People are stubborn and resilient, some have been through things that others cannot even imagine going through, but I really believe that we all choose our destiny in this thing called life. Of course, you can’t expect that you will own a big house and travel the world if you are not willing to put the time, effort and work into making that dream become a reality. If we do nothing, then in our life nothing is going to happen, and we will just be at a standstill. I truly believe we just need to stay positive and believe that we can accomplish all that we dream of and we will continue moving upwards to our goal of where we want to end up in this life. We have the ability deep down in us to manifest all our dreams we just have to be willing to do the foot work to get us there.
This reminds me of something I was always told while I was growing up, if I were to say that I can’t do something, my mom or dad would tell me that I could do anything I set my mind to, while I was growing I didn’t pay too much attention to them or their words.
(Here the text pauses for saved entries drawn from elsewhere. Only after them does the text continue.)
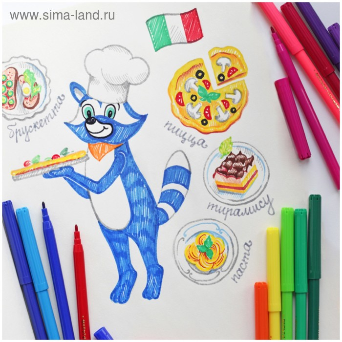 Фломастеры «Мульти-Пульти» серии «Енот в Италии» представлены с легкосмываемыми чернилами и вентилируемым колпачком. Толщина линии письма составляет 2 мм, а длина линии письма – не менее 260 метров. В наборе 36 ярких цветов. Корпус круглой формы изготовлен из полипропилена. Тип наконечника – конический. Фломастеры сохраняют стабильный цвет при письме на протяжении всего использования. Смываемые фломастеры на водной основе нетоксичны. Набор фломастеров упакован в блистер с петлёй-европодвесом.Количество цветов: 36,Тип наконечника: конический,Длина линии письма: 260 метров.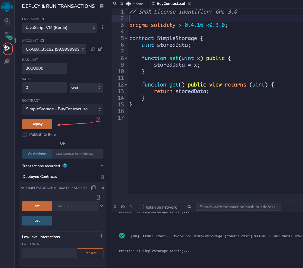 Click on the deploy tab on the left side. Under Environment choose the JavaScriptVM (Berlin) or (London). You can leave the rest of the options as they are. Chose your Contract and then press Deploy (marked as 2 in the picture). This will take a while but when it's ready you should see the SimpleStorage Contract beneath the Deployed Contracts. Here we have access to our get and set functions. Use the input fields (3) and play a little bit around.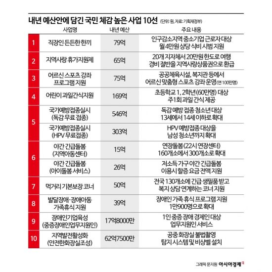 65세 이상 어르신이 공공체육시설과 복지관 등에서 맞춤형 스포츠 강좌를 무료로 들을 수 있도록 하는 사업에는 75억원이 신규 투입된다. 이를 통해 연 100만명의 어르신이 소득과 무관하게 혜택을 누리게 된다. 또 전국 초등 늘봄학교 맞춤형 교실에 참여하는 1~2학년 성장기 학생에게 국산 과일과 과채로 구성된 간식을 주 1회 제공하는 사업에는 169억원 예산이 쓰일 예정이다.

I know that what they told me has always been true, I tell my children all the time that if they say they can’t do something then they are not going to be able to do it, but if they really want to do something they need to sit down and figure out a plan to be able to do what they want and that if they truly want it, work hard to get there and follow through, that they will succeed and be able to do what it is they want to. I tell them it’s all in their attitude, whether they are optimistic, pessimistic that they need to believe in their selves because I know that they can do whatever they want they just need to keep their eye on the goal of where they want to be and go. Just like sometimes I wake up and am not very happy and my day goes on regardless but I have noticed that when I say no, today is going to be a good day and no matter what happens I will continue on with a smile on my face and make the best of today, and just try to stay positive and upbeat no matter what.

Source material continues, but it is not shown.